Можно, конечно, привести противоположные примеры – хотя бы лишенный этого страха нарратив дневников Витольда Гомбровича. Назовем еще одного автора — умершего в 2001 году поэта, а также прекрасного переводчика и критика, осужденного в ПНР на три года тюрьмы за распространение собственного сочинения «Тихие и гоготуны», где содержалась радикальная критика тогдашнего режима, а позже создавшего замечательную сатирическую поэму «Царица и зеркало», где был описан Брежнев и его политика, поэта, которого взбешенный первый секретарь ПОРП Владислав Гомулка назвал с партийной трибуны «человеком с ментальностью альфонса». Именно на этого автора указывает Рышард Ныч:

«Чтобы привести пример писателя, который (...) воплощает целомудрие независимости, свободы и свободной воли, я хочу вспомнить забытое имя Януша Шпотанского, всё творчество которого, вся деятельность, вся специфика самого письма концентрировались на преодолении этого табуирования, ханжества, конформизма, на утверждении свободомыслия в политической, бытовой и даже религиозной сфере.
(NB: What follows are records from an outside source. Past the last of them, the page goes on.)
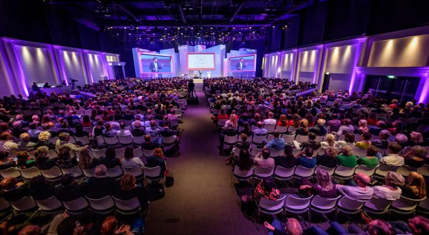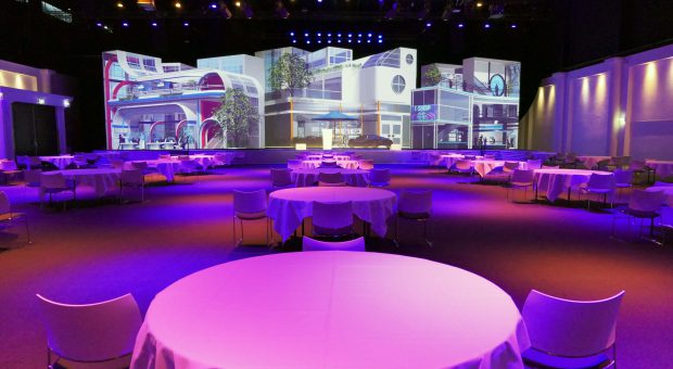 Onze Event Hall is uitgerust met een indrukwekkend 45 meter breed 3D-projectiedecor. We projecteren in deze evenementenhal in de breedte van de ruimte waardoor de spreker dichtbij het publiek staat. Dus ondanks het grote decor, is er een intieme sfeer tijdens een key-note.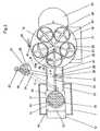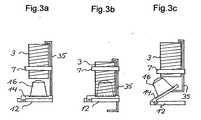 Zu der Kapseltransporteinrichtung, die den Kapselmitnehmer 23 betätigt, gehörenein Kapseltransport-Antriebsmotor 32 mit einem Getriebe 31, siehe Figur 1,an dem eine Antriebsscheibe 37 mit einem Antriebszapfen 38 angebracht ist.Der Antriebszapfen 38 greift in einen Antriebszapfenschlitz 39 eines Antriebshebels24 ein, der unterhalb der Ebene der Magazinscheibe 17 angeordnet istund dort an seinem den Antriebszapfenschlitz 39 entgegengesetzten Ende einenKapselmitnehmerschlitz 40 aufweist. In den Kapselmitnehmerschlitz 40greift ein Mitnehmerzapfen 26 des Kapselmitnehmers 23 ein. An seinem, demAntriebszapfenschlitz benachbarten Ende ist der Antriebshebel 24 um ein Drehlager25 schwenkbar gelagert, so daß er die in Figur 2 gezeigten bzw. mit unterbrochenenLinien angedeuteten Stellungen A, B und C einnehmen kann, wobeisind: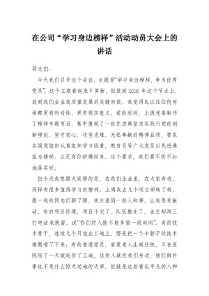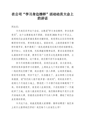在公司“学习身边榜样”活动动员大会上的讲话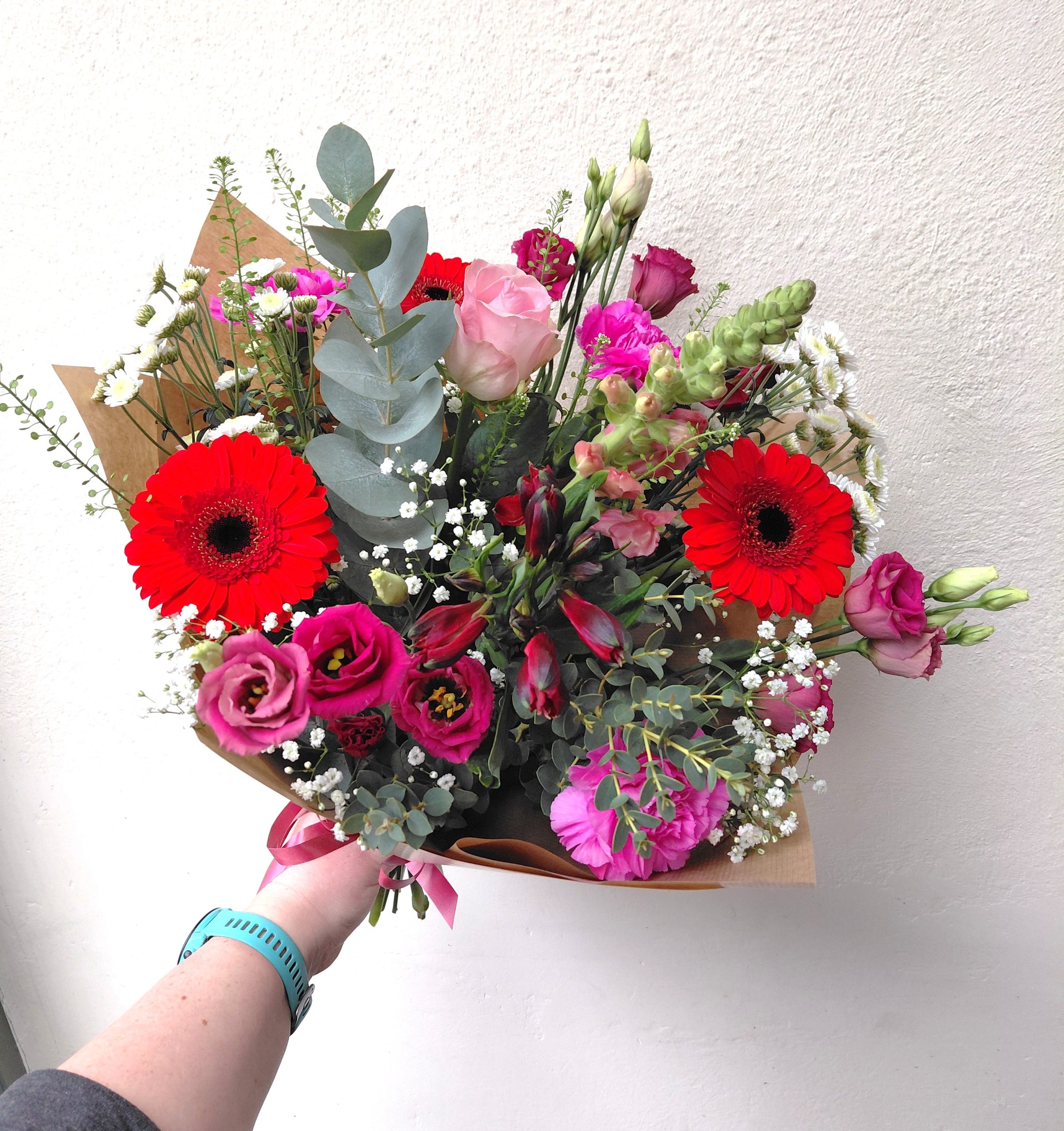 This bouquet will be made with a selection of pink, red and white flowers, including 1 pink Rose and foliage.

Наше несчастье, что так немногочисленны подобные личности, что так быстро их забывают. Шпотанский заслуживает памяти по многим причинам, но вот о чем хочется сказать: он учил, что стыдливая мысль не может быть по-настоящему великой. И это — по-прежнему актуальное послание не только его писательства, но и того примера, который он нам дает своей жизнью».
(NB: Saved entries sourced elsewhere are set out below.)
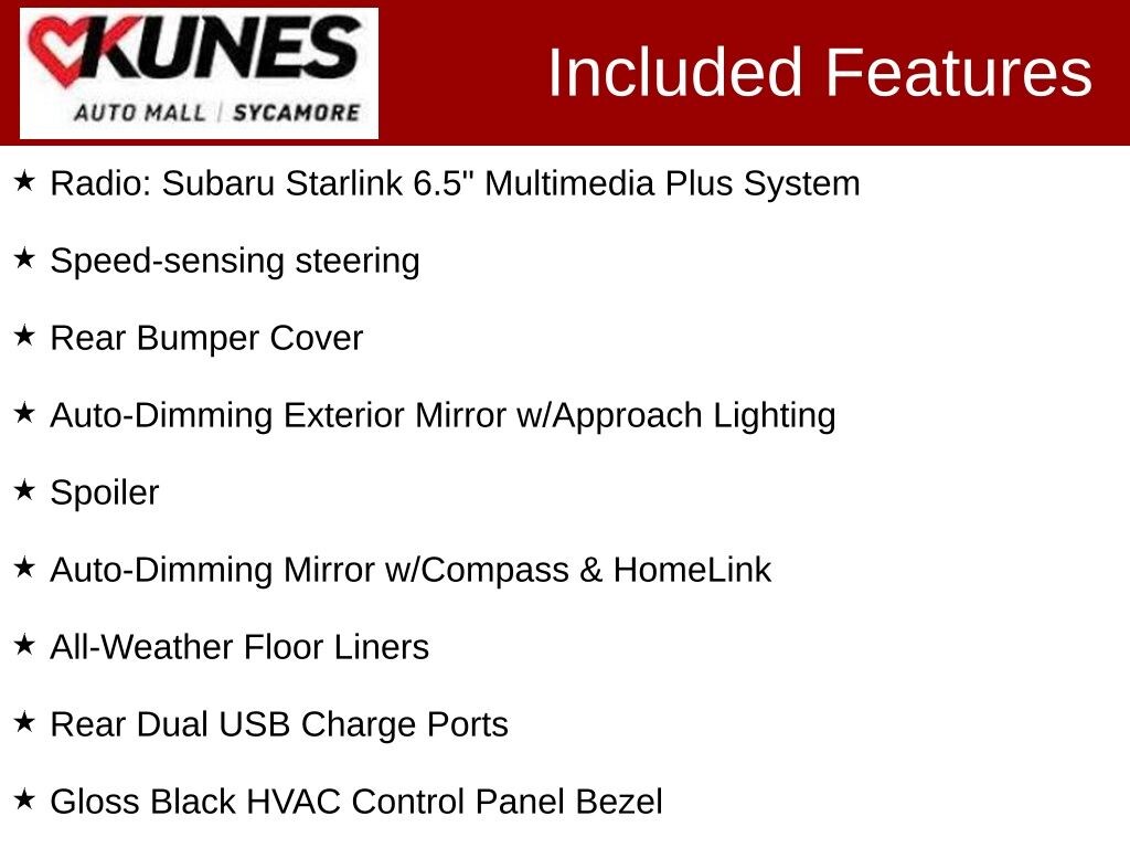 - Radio: Subaru Starlink 6.5" Multimedia Plus System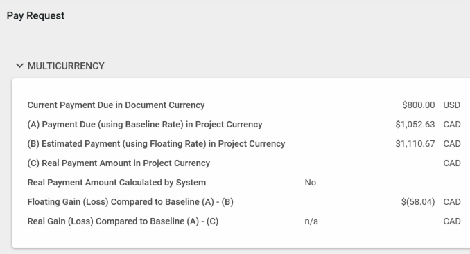 The Multicurrency section on pay applications, pay requests, and invoices when the contract is a different currency than the project.
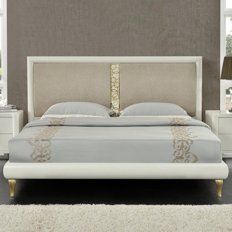 Кровать с решеткой TRENTO отделка шпон дуба (oak veneer) в лаке цвета топленого молока (melted milk), сусальное золото (gold leaf), ткань светло-серый велюр (Moki-51). Размер спального места: 180*200.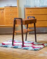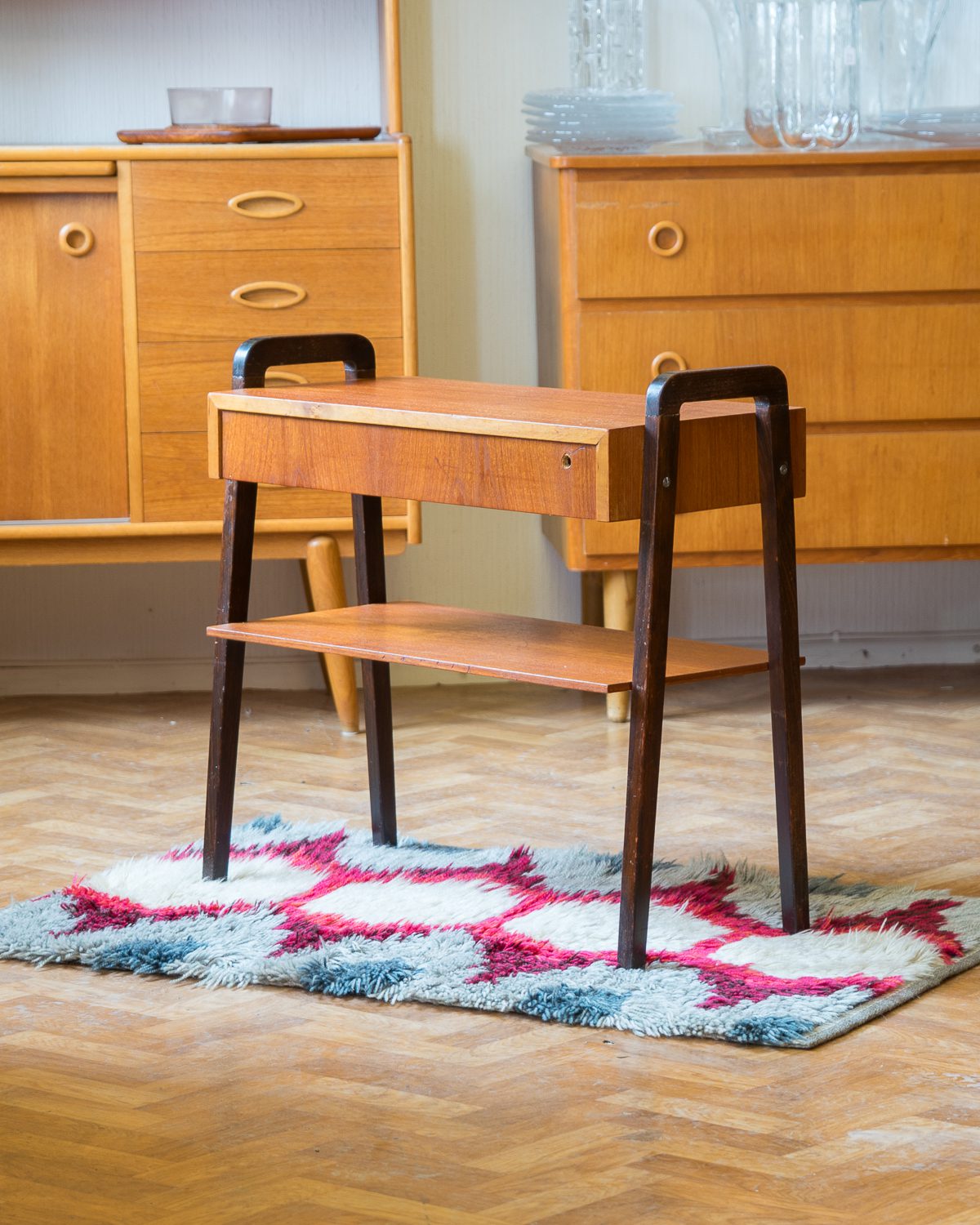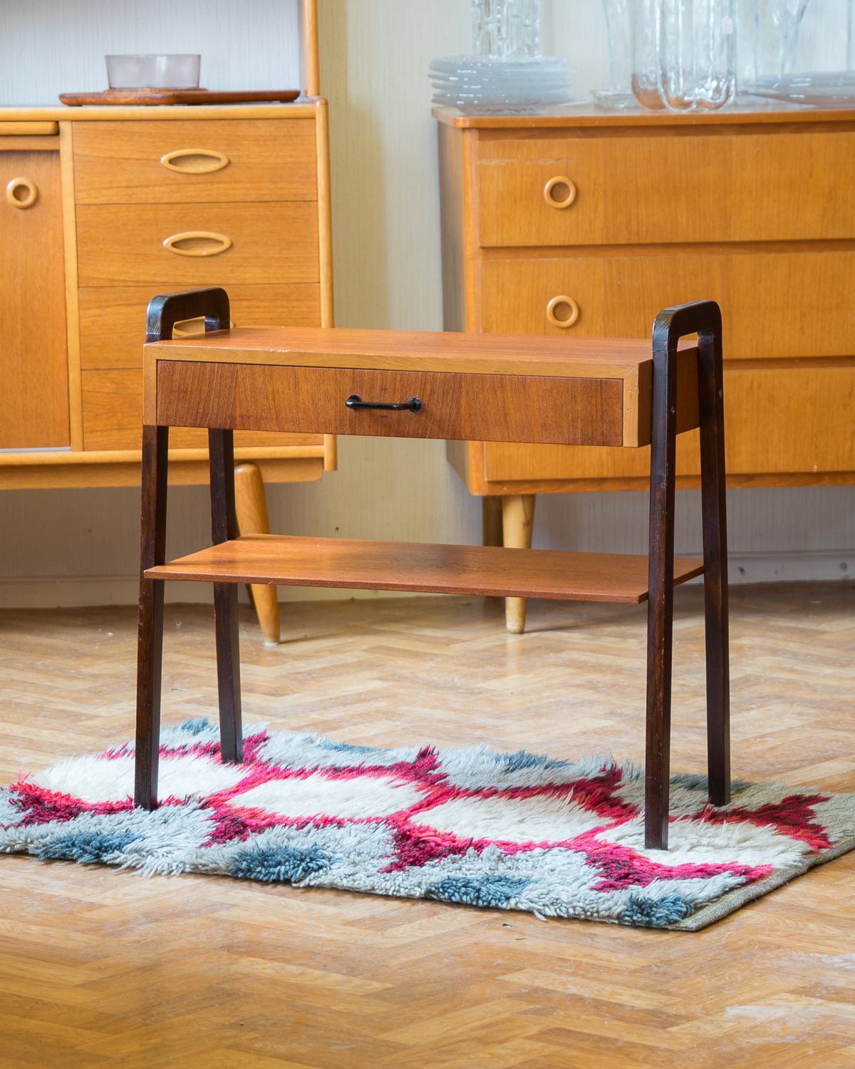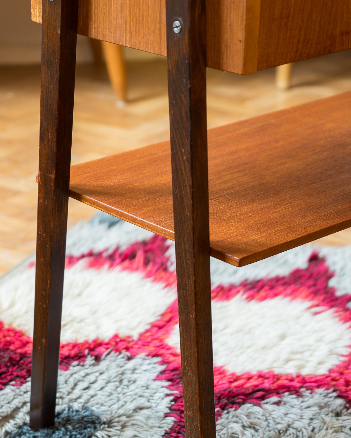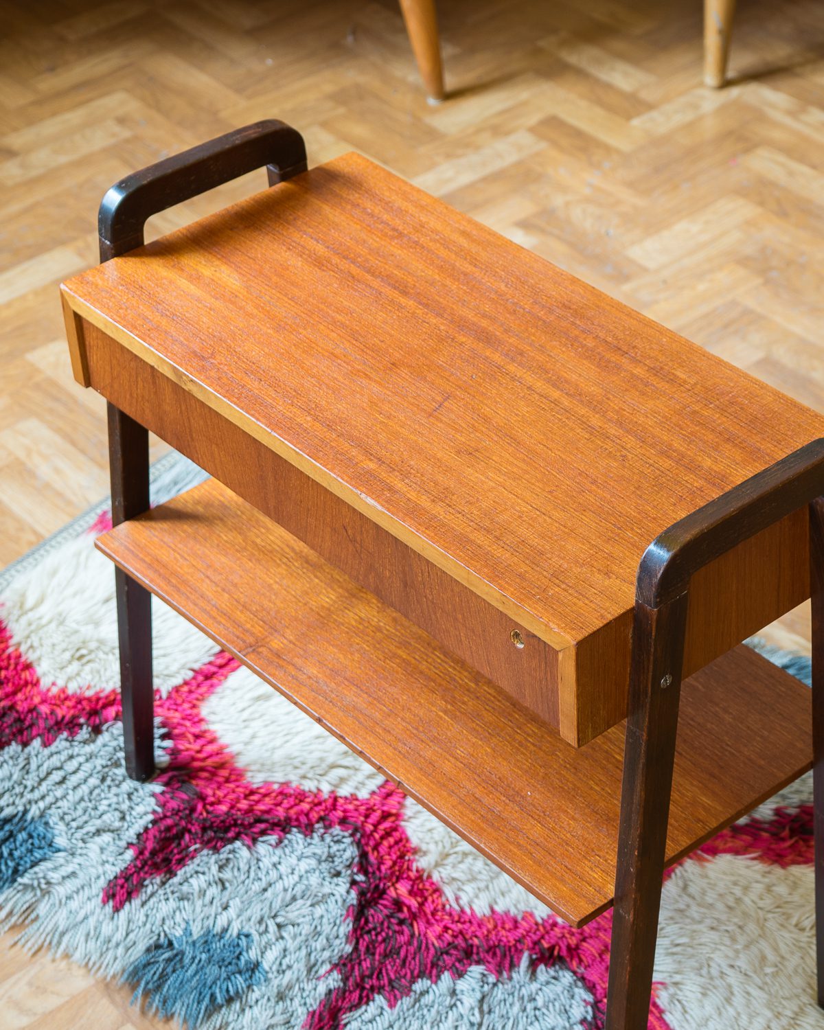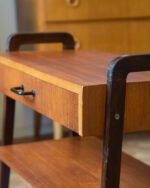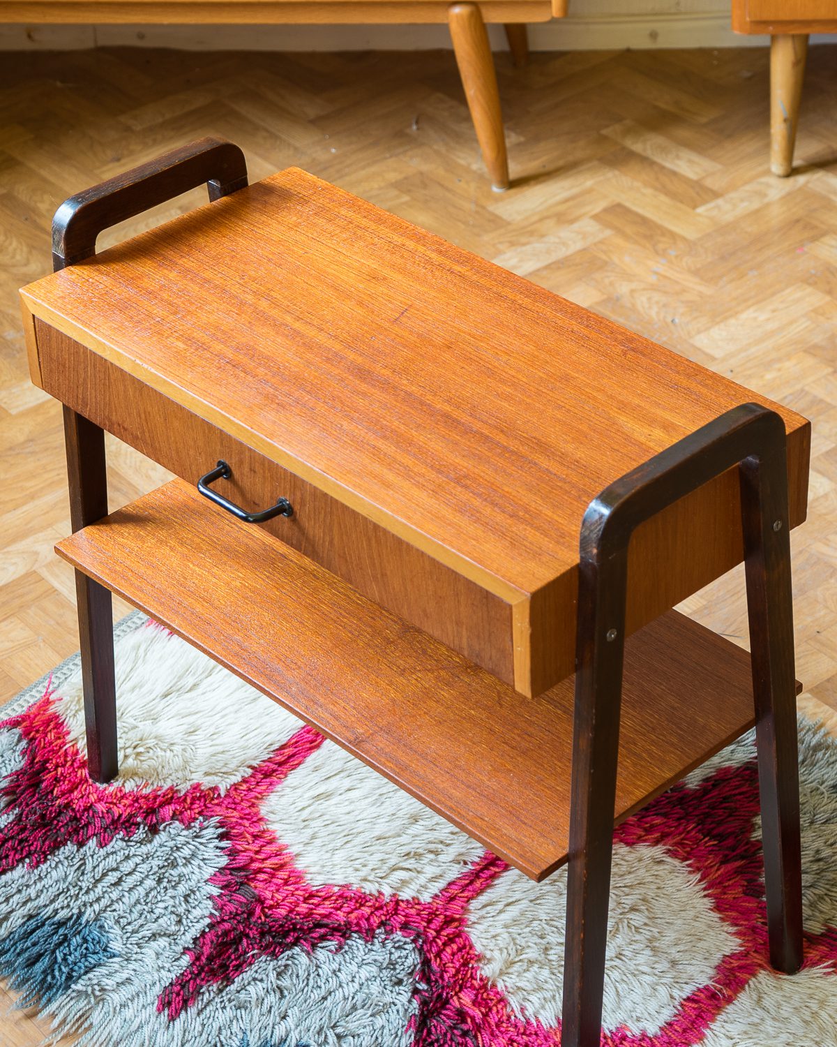 1950/1960ndatest pärit tiigipuu spooniga öökapp tumedaks värvitud jalgadega. Heas vintage seisukorras ja originaalviimistlusega.

В чем состоит урок свободы, который можно извлечь из творчества Шпотанского? Прежде всего это умение обнаружить дистанцию по отношению к себе самому и своей среде, способность ясно видеть и давать этому выражение. Об этом вспоминает еще один участник дискуссии, Казимеж Вуйцицкий:

«Спасибо профессору Нычу, что он вызвал дух Шпотанского — в XX веке, пожалуй, наиболее выдающегося польского сатирика, который сумел преодолеть табу (...) дружеского круга. “Тихие и гоготуны” — это поэма, в которой больше всех достается оппозиции — в те времена, когда надо бы ополчиться на «тихих», то есть охранку. Например, иронически и резко критикуется там Ян Стшелецкий (...) хотя он был для многих примером и со Шпотанским они были друзьями. Выдающийся сатирик сумел порвать с таким типом мышления, что, мол, мы “хорошие друзья” и поэтому кое о чем не станем говорить».

Для Шпотанского, конечно, не существовало ничего, «о чем не говорят» — не говорят не только по причинам дружбы, но и по политическим или идейным.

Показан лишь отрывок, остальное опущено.